You could be forgiven for expecting Frances Ruffelle to be French. After all, her latest album, I Say Yeh-Yeh features a number of French songs and she has played many French roles on stage. Then of course there’s her Gallic-sounding name.
You possibly know her best however for originating the role of iconic waif Eponine in the original London production of Les Misérables, for her anthemic hit single Lonely Symphony, or for recently playing Naomi, Dorien Green’s vicar daughter in ITV comedy Birds Of A Feather. But Frances is a recording artist at heart, with five solo albums and a series of 5-star sellout UK and US live performances to her name. Oh, and she is British, born in Essex.
As a singer/songwriter Frances has released the albums Fragile (produced by Guy Chambers), Frances Ruffelle (an album of torch songs from the 16th century to the present day, produced by Spandau Ballet’s Gary Kemp), Showgirl and Imperfectly Me. She also recorded the meditative album Purify, based on ancient Sanskrit mantras as one half of duo PaTala. I Say Yeh-Yeh, her new, fifth solo album showcases her collaboration with renowned singer/songwriter and producer Gwyneth Herbert as she puts a unique, earthy and at times mischievous spin on some of the best – and lesser – known French songs.

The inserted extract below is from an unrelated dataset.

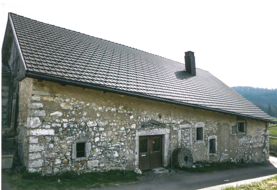
Fig. 6: Plateau de Diesse, Lamboing, Les Moulins 1. Façade ouest avant travaux. Diverses baies, parfois obturées, témoignent des modifications apportées au bâtiment au cours des générations.

Basée pour l'essentiel sur l'observation des maçonneries, l'analyse de bâti engagée sur cet ancien témoin de la meunerie locale, offre un éclairage dynamique de l'évolution d'un bâtiment patrimonial de grand intérêt. Si en l'état aucune trace de ribe n'est attestée dans ce moulin, le broyage de fruits ou de fibres végétales a fort bien pu se dérouler dans un autre moulin et la roue appuyée contre la façade être simplement récupérée.
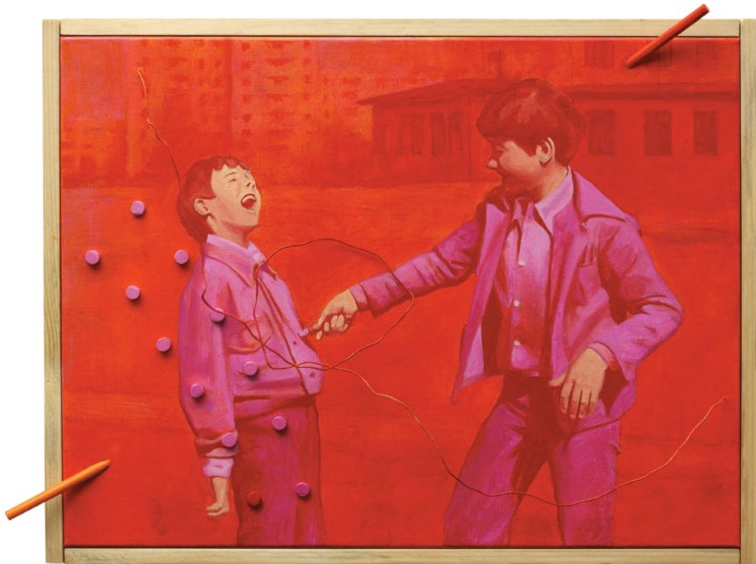
У школи / In the School уље на платну / oil on canvas 2018, 30x40 cm

Following the success of her widely acclaimed solo Beneath The Dress concerts at the Edinburgh Festival and in London in 2014, Frances took the show to legendary venue 54 Below in New York, for a series of sold out performances. Later that year she premiered her follow-up show Paris Original at The Crazy Coqs, London, with an updated version of Beneath The Dress selling-out the same venue in March 2015. Following five dates performing I Say Yeh, Yeh in its entirety to celebrate the album’s release, at Crazy Coqs in October 2015, Frances also took the show to Washington DC, New York, and again in London in 2016. More dates to be added for 2017.
Aside from her own albums and live performances, Frances’ is famed for creating the character of Eponine in the original London RSC production of Les Misérables (for which composers Claude-Michel Schönberg and Alain Boublil wrote the legendary number On My Own especially to suit her voice). She went on to recreate the role on Broadway where she won a coveted Tony award, Helen Hayes award, Theatre World award and Outer Circle Critics award for her performance. It seems fitting then, as Les Misérables celebrates its 30th anniversary in the West End, Frances reinterprets On My Own and introduces us to L’Un Vers L’Autre, a song originally written for Eponine that didn’t make into the show.
Frances’ first hit the London stage in Terence Rattigan’s play The Sleeping Prince with Omar Sharif, before starring as Dinah in the original production of Andrew Lloyd Webber’s Starlight Express at the Apollo Victoria Theatre. Numerous stage adventures have followed, including creating the role of Yonah in director John Caird’s West End production of Children of Eden, playing opposite Ian Dury in Apples at the Royal Court and starring as Roxie Hart in Chicago at London’s Adelphi Theatre.
More recently, Frances was able to explore her love of French chanteuse Edith Piaf, playing the title role in Pam Gems’ play Piaf at the Curve Theatre, Leicester, for which she received a UK Theatre award nomination.
Frances’ film career includes a cameo appearance as a ‘Whore #1’ in Tom Hooper’s Oscar-winning big-screen version of Les Misérables (2012), where she was one of only two original West End cast members invited to take part in the movie (the other being original Jean Valjean, Colm Wilkinson). She also appears in the films Devil’s Tower (2014), Hide (2014).
Alongside the release of I Say Yeh-Yeh, Frances appears in a short film produced by Sadie Frost, which features her album track Bang, Bang.
With a multi-faceted career spanning recording to live performance to theatre to TV to film, who knows how Frances Ruffelle will surprise us next?